Calculation examples and parameter analysis

The derived analytical solution reveals that the extent and stress within the damage residual zone and plastic damage zone in the surrounding rock are influenced by several factors, including support strength, rock properties, and intermediate principal stress. This section will analyze the effect of these factors.

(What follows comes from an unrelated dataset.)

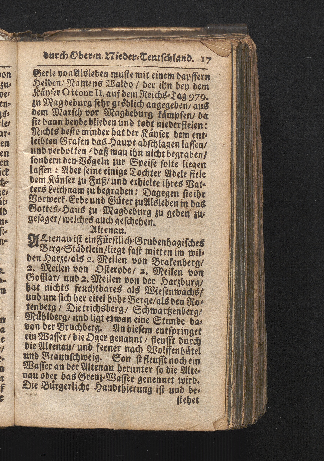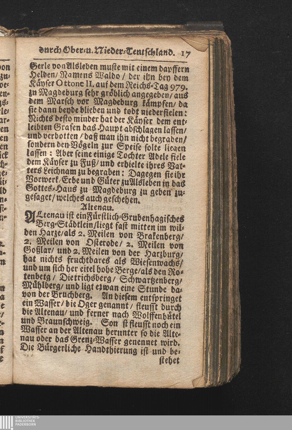 Der getreue Reiß-Gefert durch Ober- und Nieder-Teutschland : Das ist: Grundrichtige und ausführliche Abhandlung derer jenigen Residenzien/ Städte/ Schlösser/ Vestungen/ Städtlein und nahmhafften Markflecken/ welche so wol in Ober- als Nieder-Teutschland/ einem Reisenden sich hin und wieder vorstellig machen und zwar solcher Gestalt/ daß darinn derer Ursprung/ Aufnahm/ Fortification/ Raritäten/ herrliche Gebäue/ und Glück- und Unglücks-Fälle bis auf gegenwärtige Zeit fortgesetzt enthalten. Dabey auch noch über das ein absonderlicher kurz-gefasster Weegweiser angehänget zu finden/ worinnen klärlich zu sehen, wie viel Meilen ein Ort von dem andern entlegen. Alles aus denen bewährtesten Scribenten hervorgesuchet/ zum Nutz-Ergötzen mitgetheilet ...

Influence of surrounding rock stress state on fracture distribution evolution

In the analysis of the stress state of surrounding rock, the original rock stress \({P_{\text{0}}}\) and the intermediate principal stress coefficient B are critical parameters. When the original rock stress \({P_{\text{0}}}\) is low, the surrounding rock typically remains intact, without deterioration or failure. However, when the original rock stress \({P_{\text{0}}}\) exceeds the elastic limit of the surrounding rock, both plastic damage and residual damage zones form. To understand the influence of original rock stress \({P_{\text{0}}}\) and intermediate principal stress coefficient B on the surrounding rock stress and failure range of the roadway, a calculation and analysis were carried out taking the circular roadway as an example. The roadway has a radius of \({R_0}\)= 3.18 m, and the compressive peak strength of the surrounding rock is \({\sigma _c}\)= 25 MPa. The rock damage coefficient is D = 95%, and the brittleness parameter is i = 5. For this analysis, support resistance is not considered, meaning \({P_S}\)= 0 MPa. Based on the findings of Zhang et al.²⁸, when the brittleness coefficient i takes values of 4, 5, 6, 7, and 8, the corresponding ratios of \({{{\varepsilon _c}} \mathord{\left/ {\vphantom {{{\varepsilon _c}} {{\varepsilon _s}}}} \right. \kern-0pt} {{\varepsilon _s}}}\)are 0.674, 0.705, 0.727, 0.744, and 0.763, respectively. Substituting these parameters into Eq. (32) allows for the calculation of the relationship between the original rock stress \({P_{\text{0}}}\), the intermediate principal stress coefficient B, and the extent of both the plastic damage zone and the damage residual zone, as illustrated in Fig. 3.

Fig. 3

The relationship among \({P_{\text{0}}}\), B, \({r_b}\)and \({r_s}\)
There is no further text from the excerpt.